For monitoring purposes, do we really need to write an agent? Should we just leverage
existing tools/libraries? I previously cited three common architectures for monitoring
agents,
1) embedded, in-process
2) separate process but co-located on same host
3) remote monitoring from different host
Let’s consider monitoring the JVM and applications running on it. Coda Hale Metrics is a
widely used metrics library that is becoming ubiquitous. It provides reporters for
exporting metrics that are collected. The core metrics library provides several reporters,
console, JMX, CSV, to name a few. There are plenty of 3rd party reported as well, like the
Graphite reporter. We could implement a hawkular reporter which then makes it very easy
then for any application, library, etc. that uses Coda Hale Metrics to collect and report
to hawkular.
The in-process collector might not always be possible or desirable. For those situations
the co-located agent is a better fit. jmxtrans could be an excellent option. It can query
and collect metrics from external JVMs and then write them to other systems like Graphite,
Ganglia, Open TSDB, and more. We could implement a hawkular metrics writer.
Maybe we take a similar approach for platform metrics with collectd for example. We are
already doing something similar by seeing how we can integrate more directly with
cadvisor. Is it worth considering doing the same with some of the tools/libraries that are
already in wide spread use?
On Mar 16, 2015, at 4:13 AM, Gary Brown <gbrown(a)redhat.com>
wrote:
This embedded 'agent' would also be useful for collecting the activity
information for RTGov.

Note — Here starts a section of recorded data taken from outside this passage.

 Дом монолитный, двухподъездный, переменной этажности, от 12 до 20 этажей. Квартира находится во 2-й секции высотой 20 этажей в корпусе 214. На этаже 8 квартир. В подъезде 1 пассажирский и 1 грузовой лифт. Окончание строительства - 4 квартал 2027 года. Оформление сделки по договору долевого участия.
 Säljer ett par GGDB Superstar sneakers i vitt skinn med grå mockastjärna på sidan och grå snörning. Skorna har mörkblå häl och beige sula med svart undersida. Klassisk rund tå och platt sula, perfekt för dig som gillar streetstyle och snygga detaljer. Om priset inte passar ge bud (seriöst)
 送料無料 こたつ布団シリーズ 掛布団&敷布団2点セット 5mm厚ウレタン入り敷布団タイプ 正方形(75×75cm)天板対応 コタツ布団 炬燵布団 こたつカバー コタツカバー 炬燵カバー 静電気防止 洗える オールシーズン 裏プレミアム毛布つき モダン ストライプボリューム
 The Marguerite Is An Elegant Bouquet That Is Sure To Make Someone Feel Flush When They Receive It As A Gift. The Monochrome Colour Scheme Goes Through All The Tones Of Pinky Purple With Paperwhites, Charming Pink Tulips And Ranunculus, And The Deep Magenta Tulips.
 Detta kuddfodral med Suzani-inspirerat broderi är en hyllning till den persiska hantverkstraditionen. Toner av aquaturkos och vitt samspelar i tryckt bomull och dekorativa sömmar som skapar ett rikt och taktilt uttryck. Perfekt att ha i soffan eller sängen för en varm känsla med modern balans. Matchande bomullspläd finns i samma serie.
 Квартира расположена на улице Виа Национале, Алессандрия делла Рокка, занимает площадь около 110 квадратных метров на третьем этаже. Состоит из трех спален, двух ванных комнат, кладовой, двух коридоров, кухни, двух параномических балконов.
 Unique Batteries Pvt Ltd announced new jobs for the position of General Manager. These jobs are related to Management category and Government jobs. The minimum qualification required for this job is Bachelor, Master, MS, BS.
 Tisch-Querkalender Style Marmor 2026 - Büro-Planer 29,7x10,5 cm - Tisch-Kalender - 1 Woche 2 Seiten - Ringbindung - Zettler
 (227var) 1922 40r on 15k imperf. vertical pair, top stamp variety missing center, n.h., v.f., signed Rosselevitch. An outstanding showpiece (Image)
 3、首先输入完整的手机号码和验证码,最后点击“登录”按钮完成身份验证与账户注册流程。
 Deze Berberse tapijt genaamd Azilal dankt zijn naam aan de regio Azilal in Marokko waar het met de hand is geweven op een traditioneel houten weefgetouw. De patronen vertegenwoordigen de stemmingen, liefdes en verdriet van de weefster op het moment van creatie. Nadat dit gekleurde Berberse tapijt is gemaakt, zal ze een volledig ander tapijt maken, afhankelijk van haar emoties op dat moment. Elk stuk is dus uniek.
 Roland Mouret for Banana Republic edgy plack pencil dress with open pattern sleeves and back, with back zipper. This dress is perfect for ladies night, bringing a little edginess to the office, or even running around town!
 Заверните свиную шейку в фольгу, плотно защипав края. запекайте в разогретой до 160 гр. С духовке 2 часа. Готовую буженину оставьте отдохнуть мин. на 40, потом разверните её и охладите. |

I assume information will be routed depending on type at the
backend?
Regards
Gary
----- Original Message -----
> So what I heard today was we don't want a standalone agent, but we do want
> something that can be embedded in Wildfly/EAP so it can monitor things
> running in Wildfly (not just monitor Wildfly itself, but applications
> running inside wildfly).
>
> That lends itself to supporting customizable modules that can be deployed in
> Wildfly/EAP as hawkular subsystems.
>
> Can someone give me a quick summary of what Wildfly-Monitor does?